**ASSIGNMENT:** Restate word for word the lines below from the one that has "Gniazdo wtyczkowe podwójne" through the one that has "我们专注为跨境电商及外贸企业", keeping both and dropping all pictures.

[Dataset entries]
↓
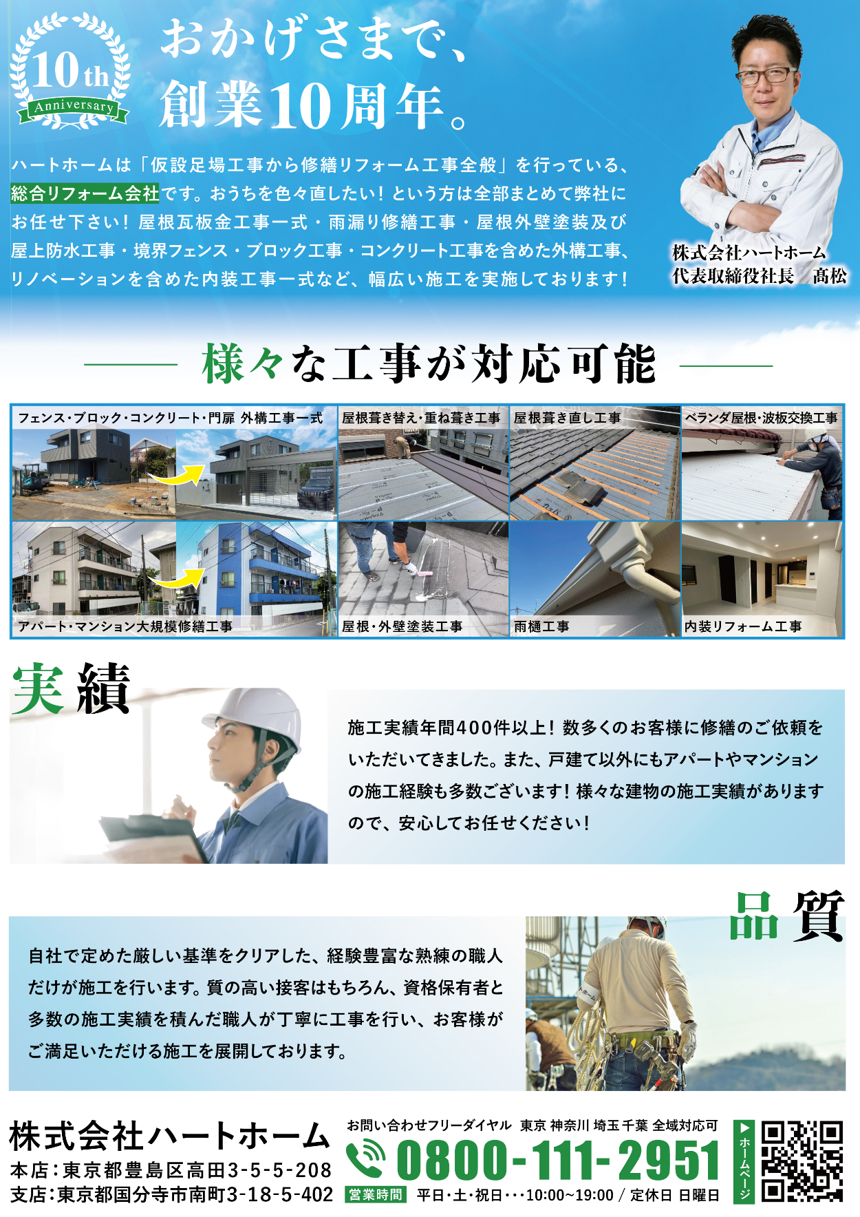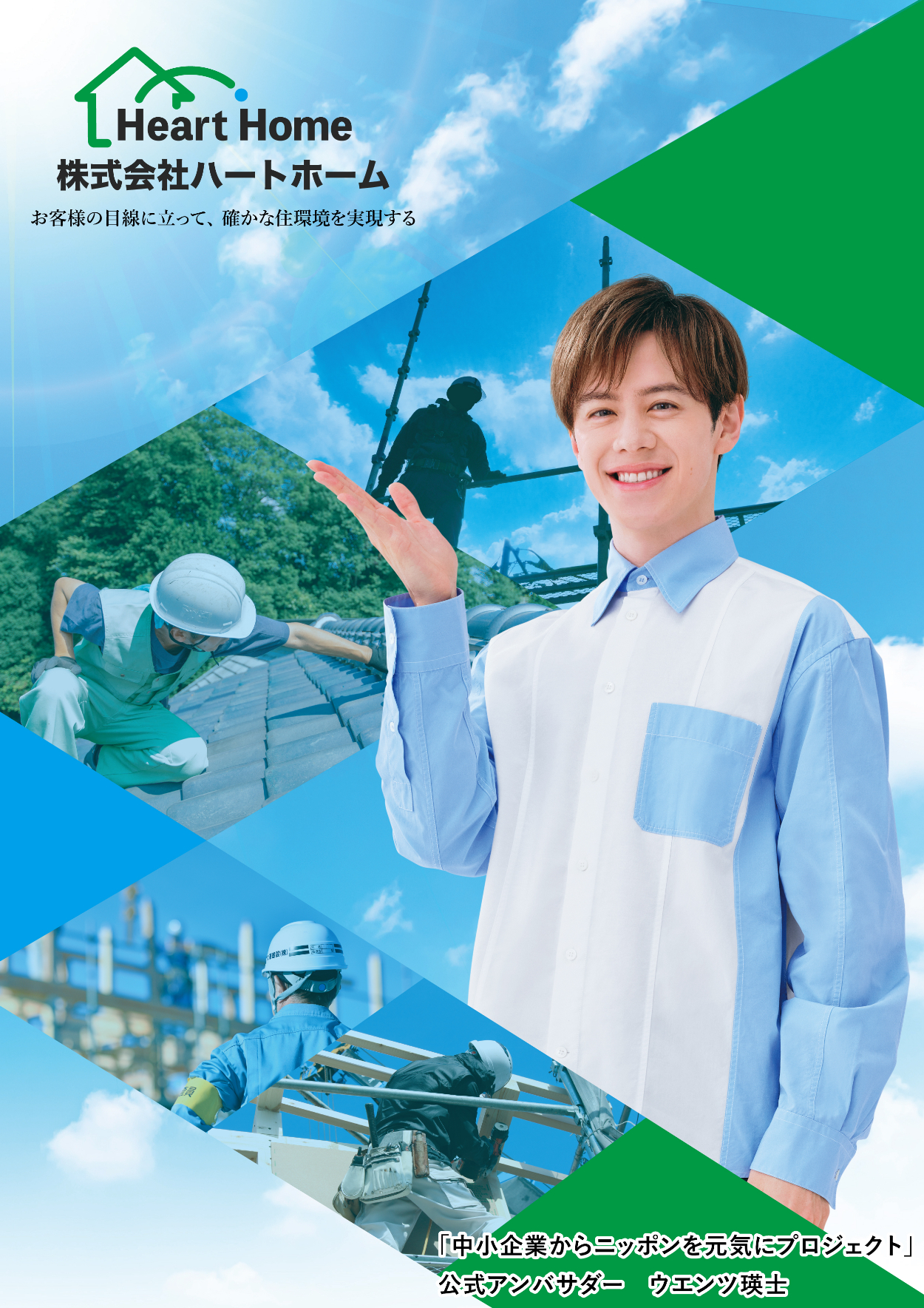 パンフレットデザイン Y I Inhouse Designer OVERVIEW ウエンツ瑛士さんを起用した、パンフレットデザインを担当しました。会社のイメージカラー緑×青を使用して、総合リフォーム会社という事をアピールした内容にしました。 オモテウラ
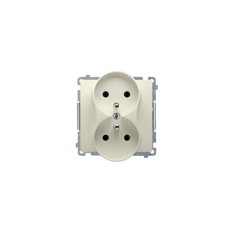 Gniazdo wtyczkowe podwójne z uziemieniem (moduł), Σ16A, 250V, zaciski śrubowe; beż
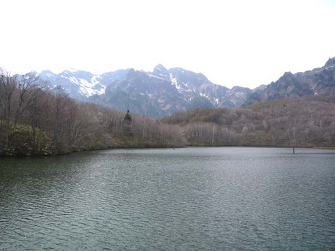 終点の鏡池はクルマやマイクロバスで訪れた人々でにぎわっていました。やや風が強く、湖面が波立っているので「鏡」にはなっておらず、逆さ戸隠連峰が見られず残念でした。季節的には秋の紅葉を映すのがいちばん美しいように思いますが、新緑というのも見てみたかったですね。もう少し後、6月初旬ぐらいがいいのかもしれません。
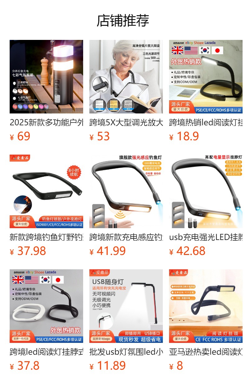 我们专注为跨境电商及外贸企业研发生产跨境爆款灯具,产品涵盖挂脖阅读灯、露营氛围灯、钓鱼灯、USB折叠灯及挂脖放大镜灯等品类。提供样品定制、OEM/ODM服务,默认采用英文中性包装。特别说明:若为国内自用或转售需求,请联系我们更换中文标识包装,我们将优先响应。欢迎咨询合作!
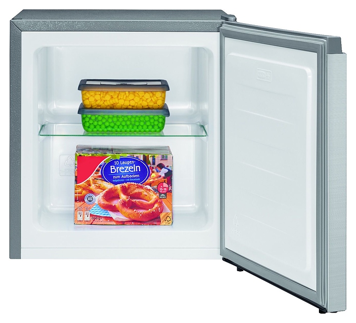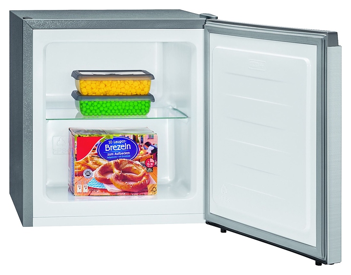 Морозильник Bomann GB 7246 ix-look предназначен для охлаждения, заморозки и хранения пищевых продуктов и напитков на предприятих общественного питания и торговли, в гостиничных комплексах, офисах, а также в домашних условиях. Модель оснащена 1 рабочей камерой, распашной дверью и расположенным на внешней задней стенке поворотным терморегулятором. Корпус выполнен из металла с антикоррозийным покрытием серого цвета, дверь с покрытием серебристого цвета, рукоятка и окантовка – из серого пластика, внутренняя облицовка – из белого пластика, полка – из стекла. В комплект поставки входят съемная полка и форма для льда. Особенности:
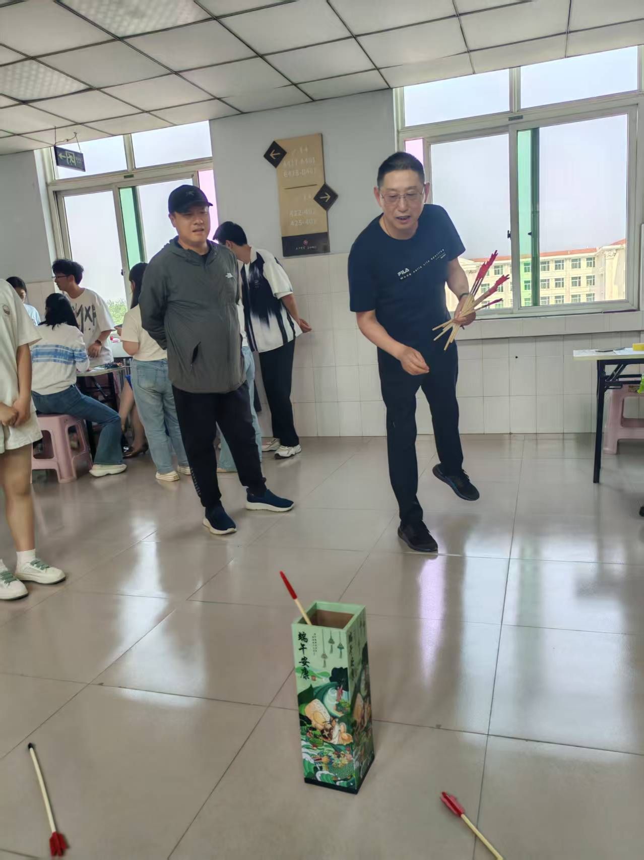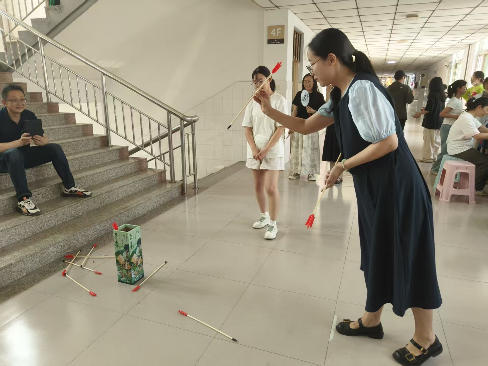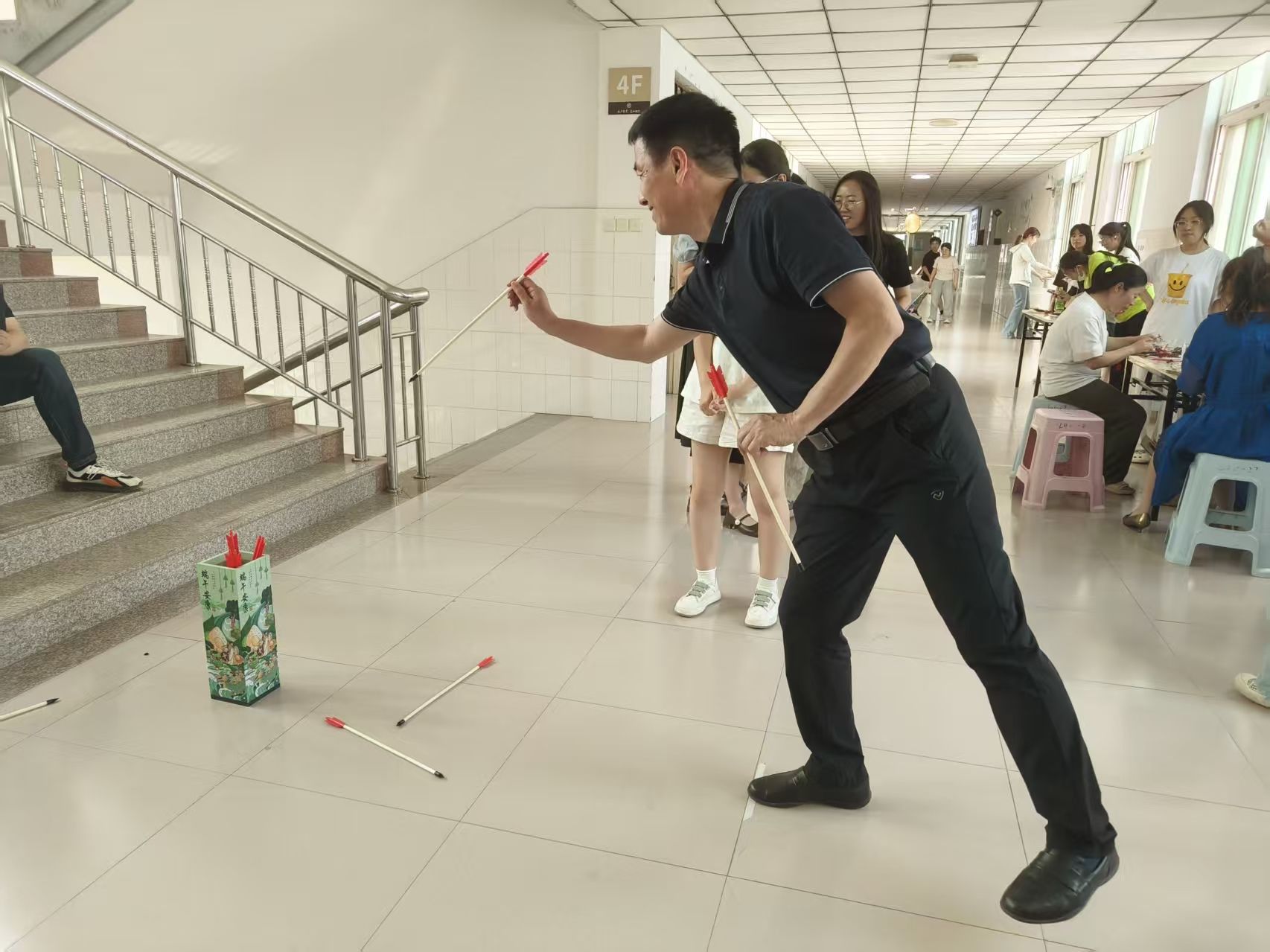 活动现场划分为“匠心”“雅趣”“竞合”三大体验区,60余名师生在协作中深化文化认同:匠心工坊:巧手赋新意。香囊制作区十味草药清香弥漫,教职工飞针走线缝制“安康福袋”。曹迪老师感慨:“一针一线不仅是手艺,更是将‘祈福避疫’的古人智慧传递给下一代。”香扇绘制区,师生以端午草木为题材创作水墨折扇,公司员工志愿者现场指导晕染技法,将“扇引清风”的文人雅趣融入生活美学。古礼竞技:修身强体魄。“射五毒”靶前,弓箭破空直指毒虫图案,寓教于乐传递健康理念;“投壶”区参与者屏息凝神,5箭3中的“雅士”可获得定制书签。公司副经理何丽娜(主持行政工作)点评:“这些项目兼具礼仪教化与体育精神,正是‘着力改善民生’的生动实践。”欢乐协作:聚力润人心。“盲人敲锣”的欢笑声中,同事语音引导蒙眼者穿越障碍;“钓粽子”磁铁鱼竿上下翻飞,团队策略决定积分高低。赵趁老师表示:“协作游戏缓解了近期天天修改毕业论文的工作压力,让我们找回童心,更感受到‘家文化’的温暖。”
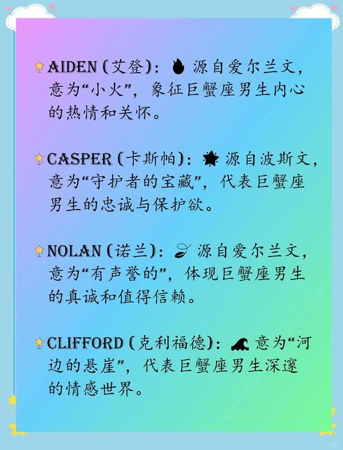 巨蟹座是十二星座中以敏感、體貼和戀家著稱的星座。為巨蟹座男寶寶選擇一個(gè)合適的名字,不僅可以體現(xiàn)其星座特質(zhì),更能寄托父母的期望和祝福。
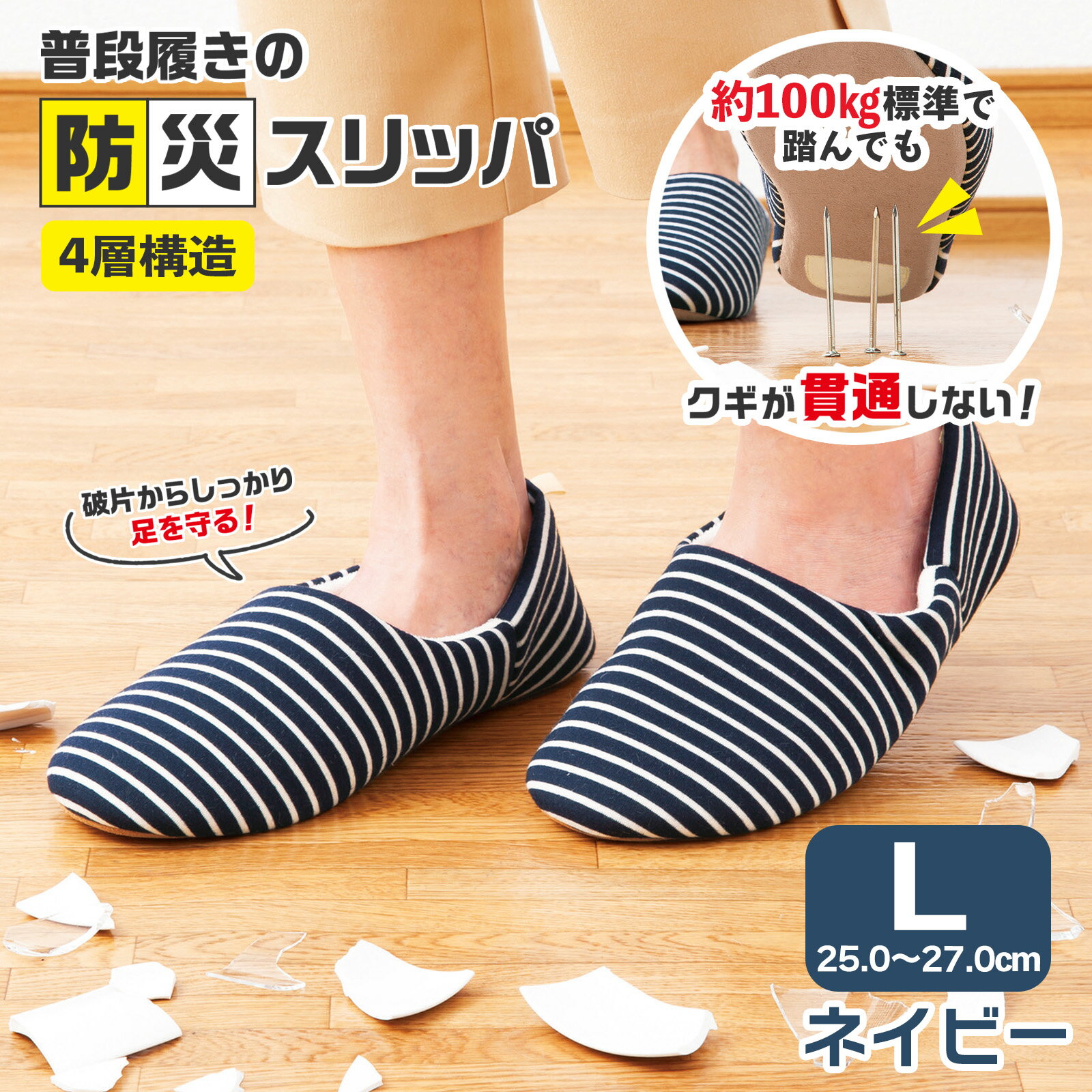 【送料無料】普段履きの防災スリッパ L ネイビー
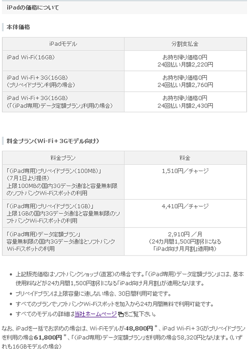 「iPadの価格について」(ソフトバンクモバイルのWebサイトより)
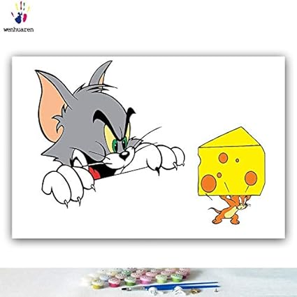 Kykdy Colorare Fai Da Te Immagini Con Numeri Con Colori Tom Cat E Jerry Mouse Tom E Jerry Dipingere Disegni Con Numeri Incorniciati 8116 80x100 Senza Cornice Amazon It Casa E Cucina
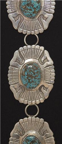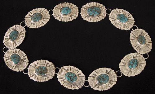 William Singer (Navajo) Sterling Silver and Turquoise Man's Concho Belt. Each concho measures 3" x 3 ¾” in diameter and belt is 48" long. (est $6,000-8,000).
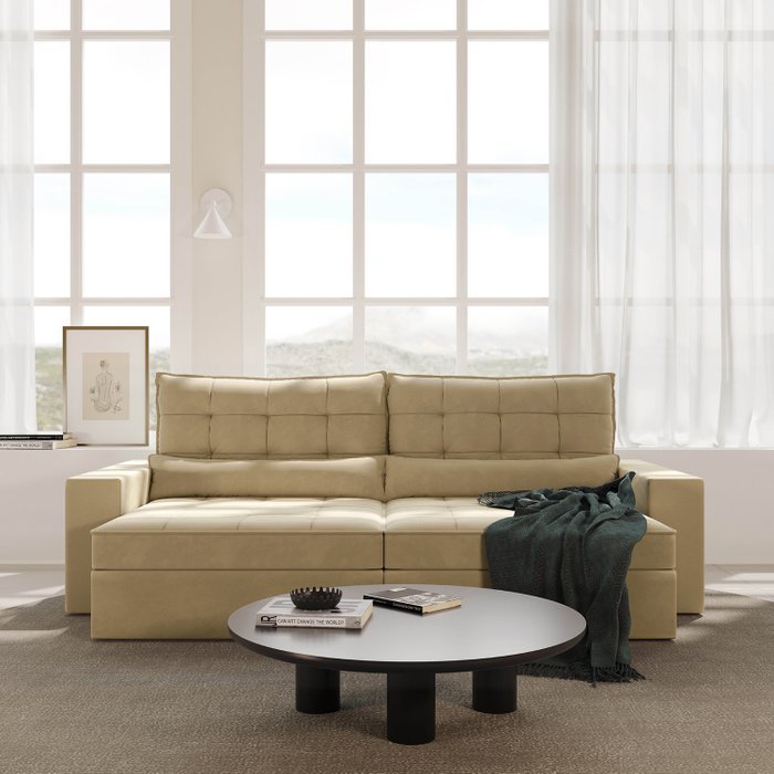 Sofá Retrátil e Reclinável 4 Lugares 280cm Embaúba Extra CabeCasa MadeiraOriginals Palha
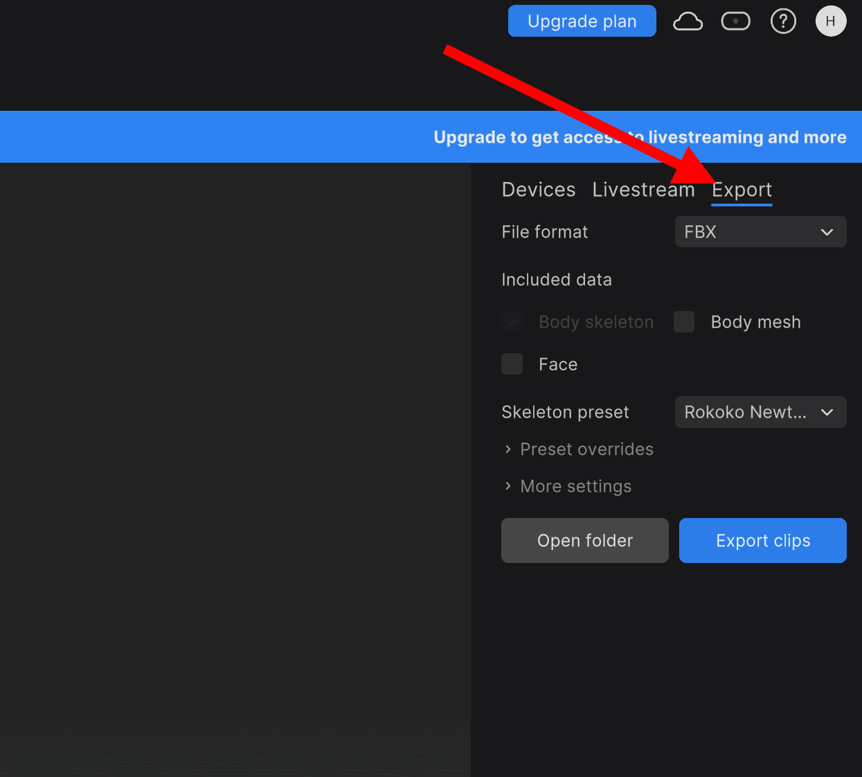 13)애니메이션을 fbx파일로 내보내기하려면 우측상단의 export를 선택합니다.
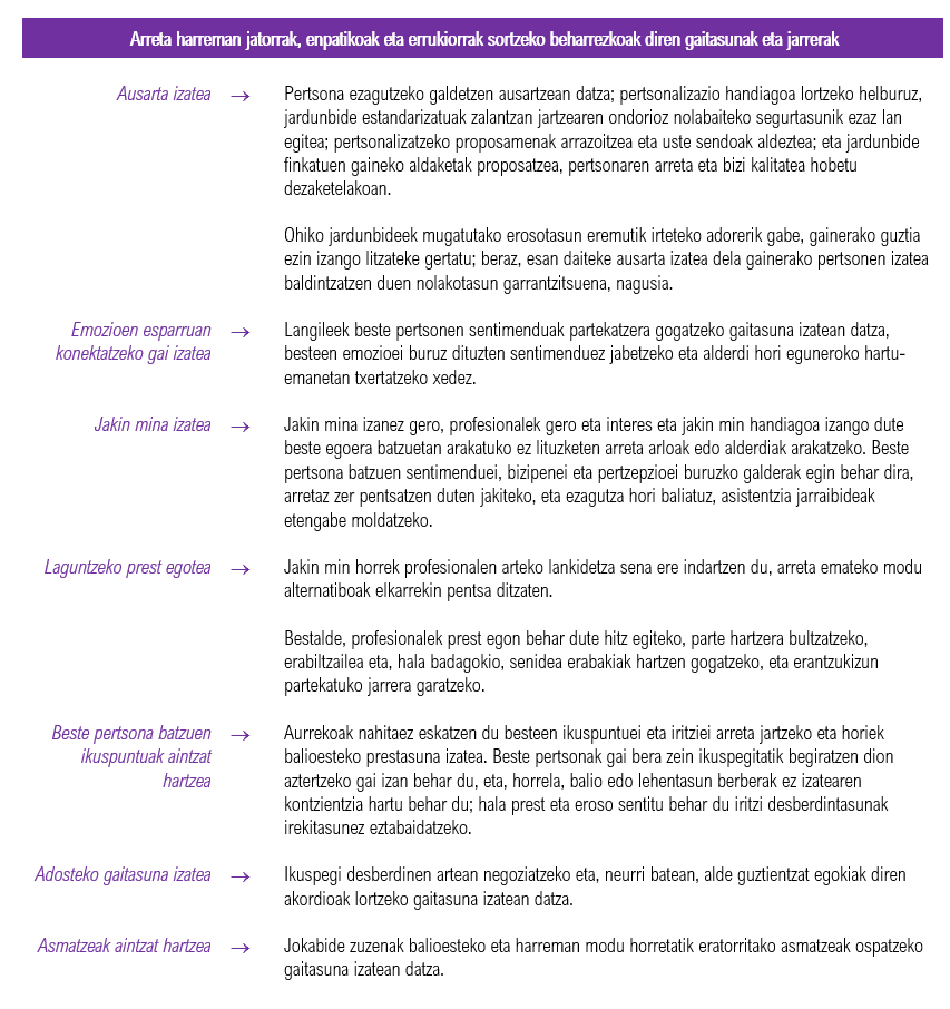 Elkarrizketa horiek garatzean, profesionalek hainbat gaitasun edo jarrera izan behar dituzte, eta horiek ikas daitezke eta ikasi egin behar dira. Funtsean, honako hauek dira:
↑
**REPLY:**
 Gniazdo wtyczkowe podwójne z uziemieniem (moduł), Σ16A, 250V, zaciski śrubowe; beż
 終点の鏡池はクルマやマイクロバスで訪れた人々でにぎわっていました。やや風が強く、湖面が波立っているので「鏡」にはなっておらず、逆さ戸隠連峰が見られず残念でした。季節的には秋の紅葉を映すのがいちばん美しいように思いますが、新緑というのも見てみたかったですね。もう少し後、6月初旬ぐらいがいいのかもしれません。
 我们专注为跨境电商及外贸企业研发生产跨境爆款灯具,产品涵盖挂脖阅读灯、露营氛围灯、钓鱼灯、USB折叠灯及挂脖放大镜灯等品类。提供样品定制、OEM/ODM服务,默认采用英文中性包装。特别说明:若为国内自用或转售需求,请联系我们更换中文标识包装,我们将优先响应。欢迎咨询合作!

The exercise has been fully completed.